(Records from a data collection)

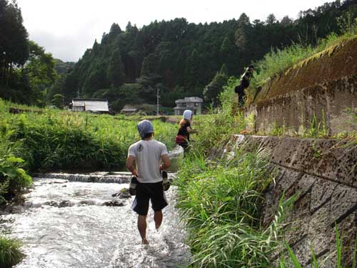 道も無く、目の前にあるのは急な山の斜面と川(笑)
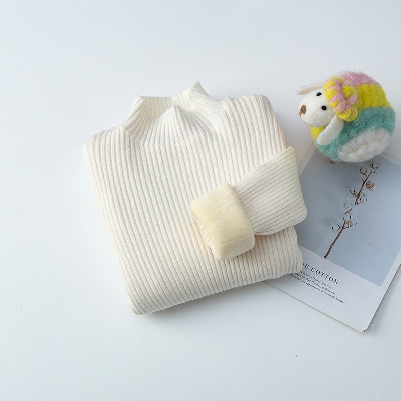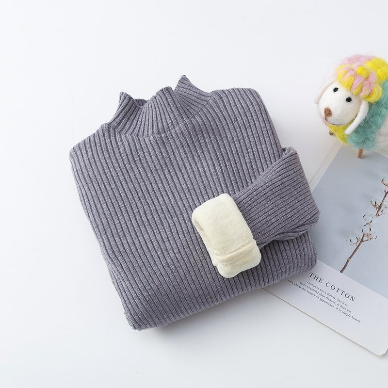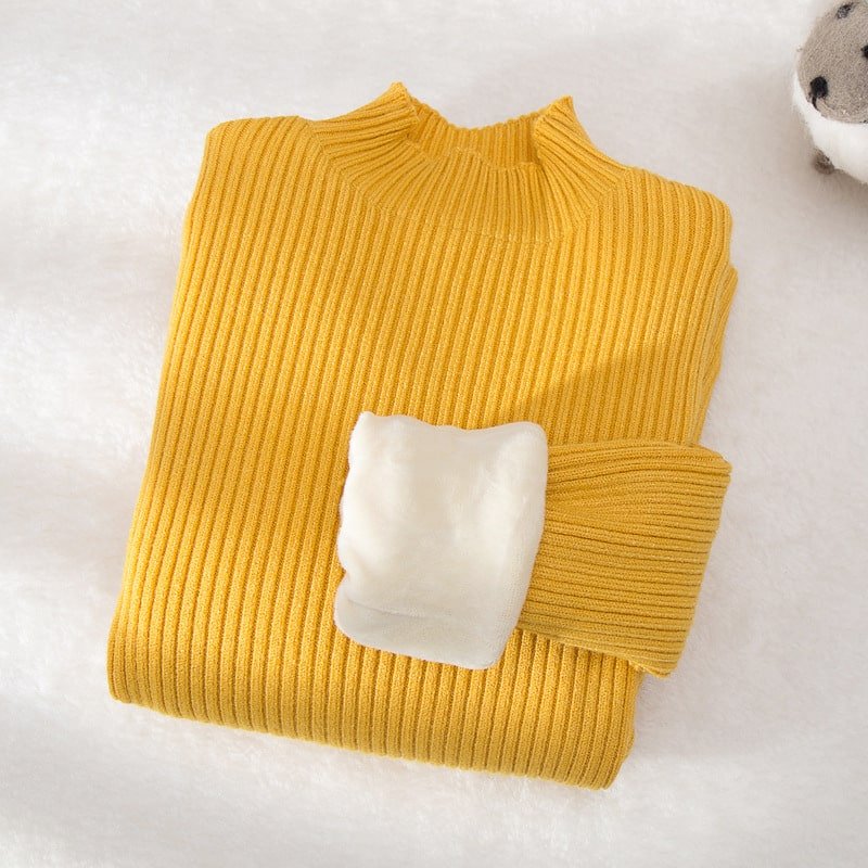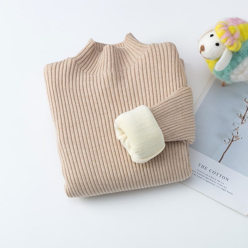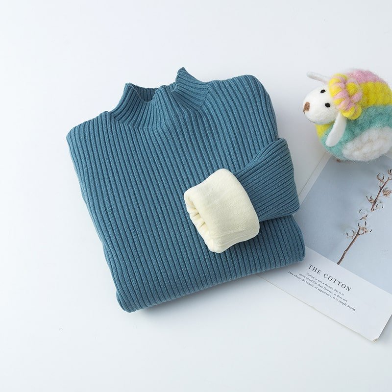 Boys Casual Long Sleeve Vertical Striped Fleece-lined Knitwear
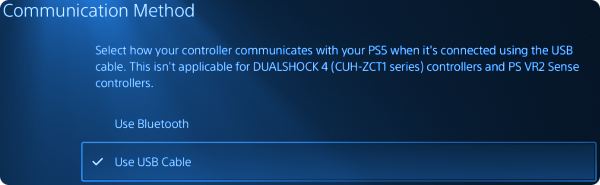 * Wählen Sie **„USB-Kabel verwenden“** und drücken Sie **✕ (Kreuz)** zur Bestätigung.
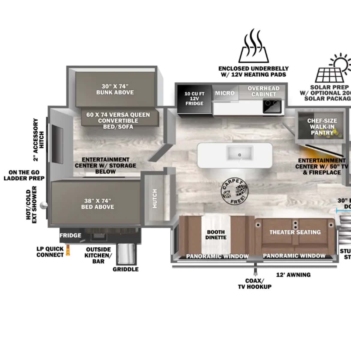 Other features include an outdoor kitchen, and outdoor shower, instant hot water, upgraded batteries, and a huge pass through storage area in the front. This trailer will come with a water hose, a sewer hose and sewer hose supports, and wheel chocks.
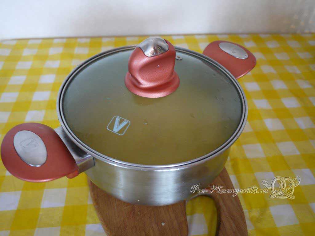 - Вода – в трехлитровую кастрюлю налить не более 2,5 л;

** Your assignment **
Your task is to reproduce exactly the lines from the start of the data above through the line containing "(Kreuz)** zur Bestätigung.", leaving every picture out.

** Finished task **
 道も無く、目の前にあるのは急な山の斜面と川(笑)
 Boys Casual Long Sleeve Vertical Striped Fleece-lined Knitwear
 * Wählen Sie **„USB-Kabel verwenden“** und drücken Sie **✕ (Kreuz)** zur Bestätigung.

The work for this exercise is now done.